1) Представление о слове как единице, слитой с конкретным значением.
Традиционно в сфере массовых опросов используется метод сбора языкового материала для анкетного вопроса при помощи бесед с больными – в ходе индивидуальных интервью или интервью в фокус-группах, разной степени структурированности [21,22]. На основании бесед с больными при помощи разнообразных статистических процедур составители МОИ отбирают ярлыки для наименования интересующих параметров-индикаторов исследуемой сферы, например «раздражен», «испытываю панику», и вводят этот ярлык в текст опросника. То есть составители опросных инструментов исходят из того, что слово, использованное в опросном инструменте, значит «то же самое», что слово, которое использовал больной во время сбора языкового материала.
Между тем в контексте опросного инструмента слово живет другой жизнью и актуализируется совершенно иначе. Во-первых, у этих слов в МОИ другая функция: они функционируют как стимул для количественной или качественной оценки, а не как стимул для тематической интерпретации. Во-вторых, коммуникативная ситуация анкетирования особым образом их актуализирует. Это демонстрируют как лингвисты, так и специалисты в области демоскопии («surveyresearchers»).Как мы уже видели на примере общения врача с больным, для достижения понимания реципиенту высказывания недостаточно понять только словесное содержание высказывания, ему важно понимать также коммуникативное намерение говорящего. Согласно правилам и условиям заполнения опросного инструмента больным, больной не может спросить врача, что имеется в виду – это нарушило бы единообразие статистической процедуры. В отсутствие собеседника, который мог бы прояснить смысл вопроса, больному остается декодировать смысл стимула, разгадывать значения языковых репрезентаций, опираясь на весь текст МОИ как на вербальный заменитель коммуниканта[23].
Какие же элементы текста МОИ выполняют функцию коммуниканта? Судить о коммуникативном намерении и достраивать смысл стимула респонденту позволяют: порядок вопросов, их расположение относительно друг друга, варианты ответов и порядок вариантов ответов. В случае с психически больными, «достроить» смысл вопроса, естественно, возможно только тогда, когда больной в принципе способен установить связи того или иного конституента текста с другими конституентами текста и с коммуникативным намерением говорящего в рамках общепринятых коммуникативных стратегий.

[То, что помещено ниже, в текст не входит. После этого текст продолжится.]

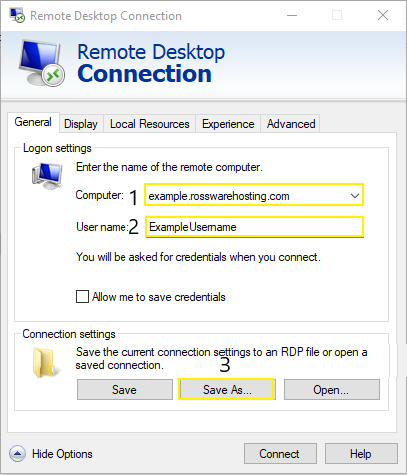 Enter the address you were provided in your initial migration email within the “Computer:” box. Enter your username. Your username should be the same as your current username. Click “Save As…” under “Connection Settings”
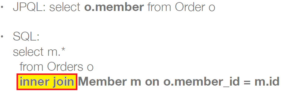 -> 객체에서는 .(점)을 찍어서 하면 되지만 DB에서는 조인이 일어나야 한다.
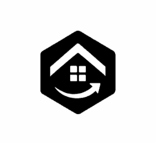 The mark consists of a hexagon containing a stylized house silhouette comprised of an inclined rooftop, window, and a curved arrow.
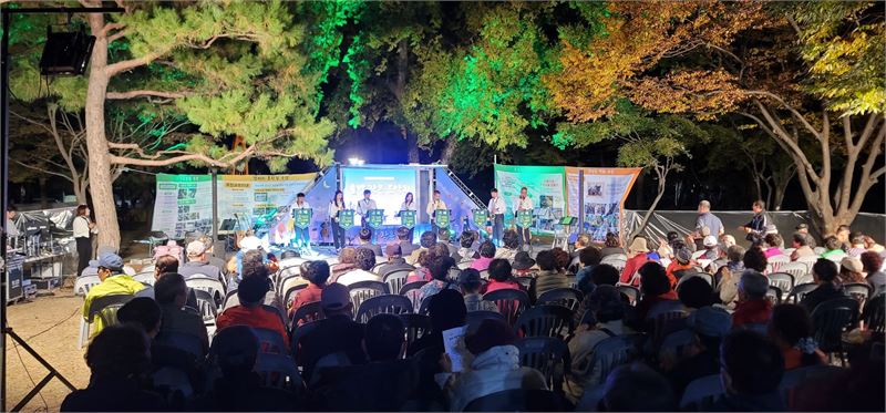 지난 27일 경남 진주시 상평동 송림공원에서는 알뜰하고 살뜰한 작은 음악회가 열렸다. 주민자치위원회가 큰 맘을 먹고 처음으로 준비한 ‘솔밭 작은음악회’다
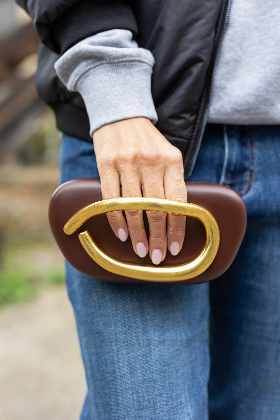 Ez a különleges, arany fogantyús mini táska a letisztult elegancia megtestesítője. A barna vegán bőr és az arany részletek kifinomult harmóniája luxusérzetet kelt, miközben modern, szoborszerű formája igazán egyedivé teszi. Kézben tartva vagy kiegészítőként viselve egyaránt stílusos választás, legyen szó alkalmi vagy hétköznapi megjelenésről. Kompakt mérete ellenére minden fontos apróság elfér benne. Ez a táska tökéletes kiegészítő azok számára, akik szeretik az elegáns, mégis karakteres darabokat.
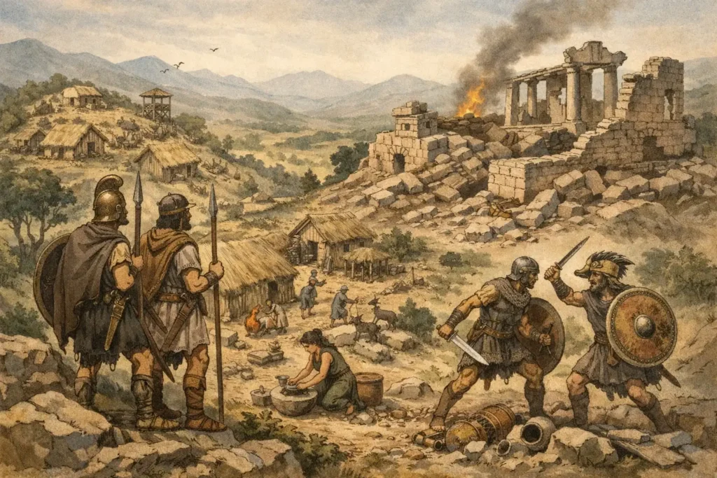 L’Âge obscur grec, qui s’étend approximativement du XIIe au IXe siècle av. J.-C., est souvent décrit comme une parenthèse de régression entre l’éclat mycénien et l’essor archaïque. Cette lecture repose sur une comparaison trompeuse : moins de villes, moins d’écriture, moins de sources, donc moins d’histoire. Or, ce temps n’est pas un simple vide. Il correspond à une recomposition profonde des formes d’habitat, du pouvoir et du territoire. Loin de préparer mécaniquement la polis par continuité urbaine, la Grèce connaît d’abord une ruralisation durable, marquée par la dispersion et l’instabilité. La cité ne naît pas comme idéal politique, mais comme réponse pragmatique à ce monde fragmenté.
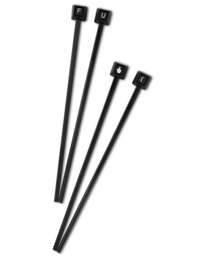 Let everyone know you're not sharing your meal with these exclusiveKeyboard Keys Chopsticks. This 2 pack features a pair of chopsticks with "F" and "U" key charm toppers and another with a middle finger and ":("key charm toppers. Exclusively at Spencer's Includes: 2 pairs of chopsticks Material: Acrylic Care: Hand wash Imported.
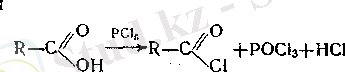 2. Органикалық қышқылдарға фосфордың «алогендерімен эсер етсе қышқылдардың галоген а н г и, д р и д т е р і түзі-леді. Мұнда да, спирттердегі тәрізді, гидроксил галогенге алма-сады, мысалы
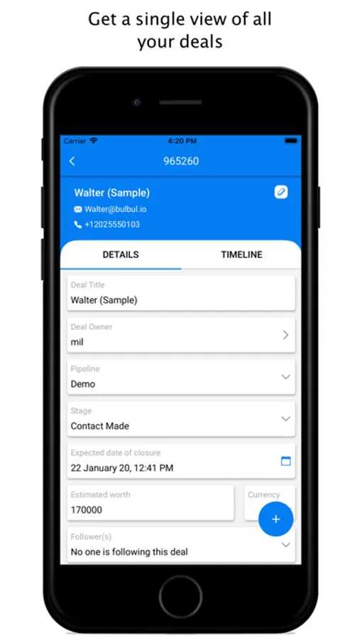 The Bulbul CRM app helps you organise & track your deals while you are on the move. View all the information related to a deal in one place. All Activities, notes, email conversation are stored in a tidy timeline so that you don’t miss anything about a deal.
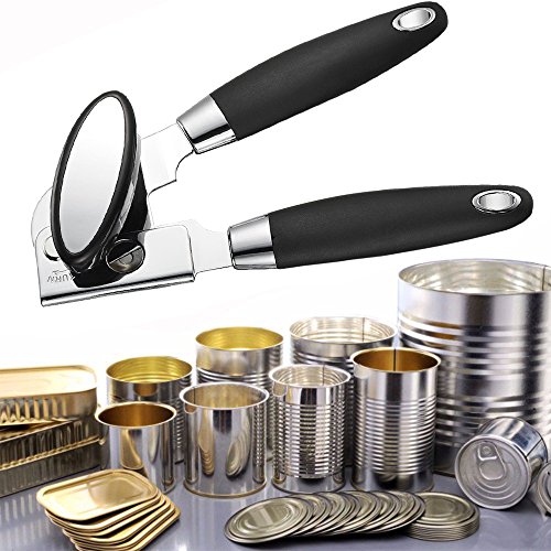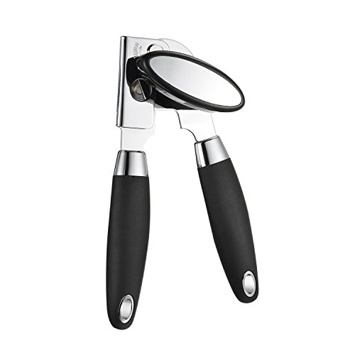 AUYE Can Opener-Heavy Duty Stainless Steel Good Soft Grips Handle-Easy Turn Knob-Safety Smooth Edge-Works Great
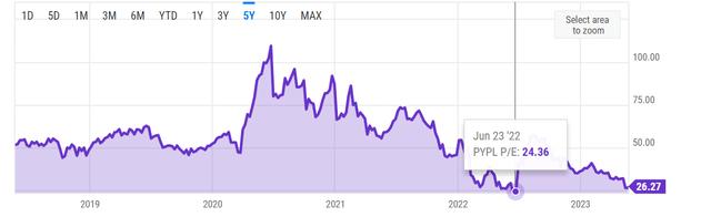 PayPal PE (YCharts.com)
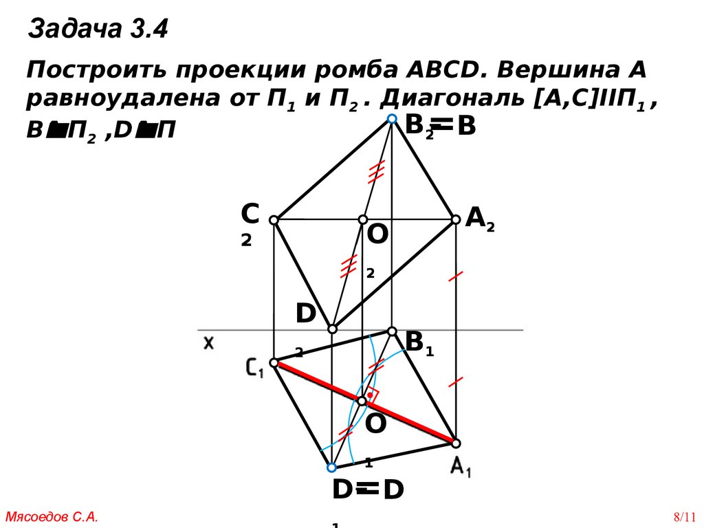Задача 3.4Построить проекции ромба АВСD. Вершина А
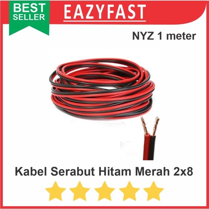 Kabel Listrik Serabut NYZ 2×8 Merah Hitam Isi 2 Serat Ecer Meter NYAF
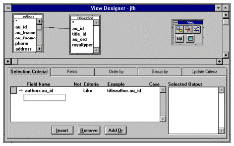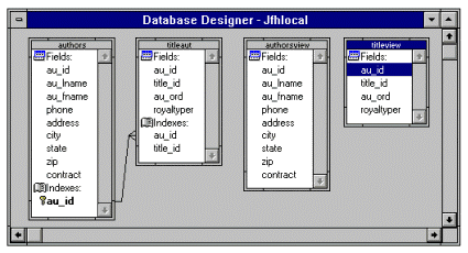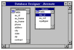 The local database container holds two views. The first one is based upon the local authors table and the second on the local titleaut tables. The remote designer window looks exactly the same as the local one concerning the two views. There are however two important differences. First, of course, the JHREMOTE tables reside on the server. Secondly, the titleview view is based on the titleauthors table on the server as opposed to titleaut locally. Note how through the use of views the naming capabilities of different systems is no longer a factor.

Так, в известной работе Садмен иБрэдберн [24] демонстрируют, как меняется значение слова «раздражение» в интерпретации респондента в контексте вариантов ответов. Смысл тщательно отобранного ярлыка «раздражен» меняется в зависимости от того, выражают варианты ответов низкую или высокую частотность. Ответы «меньше одного раза в месяц», «несколько раз в год» говорят пациенту, что его спрашивают о сильном раздражении. Ответы «раз в день», «несколько раз в день» заставляют респондента заключить, что речь идет о случаях незначительного раздражения. Порядок вопросов в МОИ также влияет на интерпретацию отобранного слова-ярлыка. Содержание предшествующих вопросов будет автоматически исключаться респондентом из последующих под влиянием коммуникативной «максимы количества» (описанной Грайсом)[25], которая предписывает не перегружать разговор избыточной информацией. Если перед вопросом, посвященным общей удовлетворенности жизнью, будет задан вопрос об удовлетворенности браком, то удовлетворенность браком будет вычтена отвечающим из интерпретации вопроса об удовлетворенности жизнью. Вопрос будет интерпретироваться как «Оставляя в стороне все, что вы уже рассказали нам, насколько вы удовлетворены другими аспектами вашей жизни?»[24, c.79].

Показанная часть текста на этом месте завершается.